◆ **EXERCISE DETAILS**
Pictures in the listing below are skipped, while the lines from the "KODEX Medienrecht Ladenpreis: 37,00EUR" line through the "Curso de informática básica" line are returned word for word.

◆ **RECORDED DATA**
--------
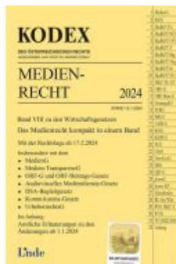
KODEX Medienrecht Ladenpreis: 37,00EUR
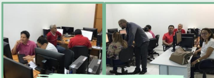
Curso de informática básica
--------
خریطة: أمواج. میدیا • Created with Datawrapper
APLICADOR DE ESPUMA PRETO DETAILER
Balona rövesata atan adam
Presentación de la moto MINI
--------
◆ **REPLY TO THE TASK**
KODEX Medienrecht Ladenpreis: 37,00EUR
Curso de informática básica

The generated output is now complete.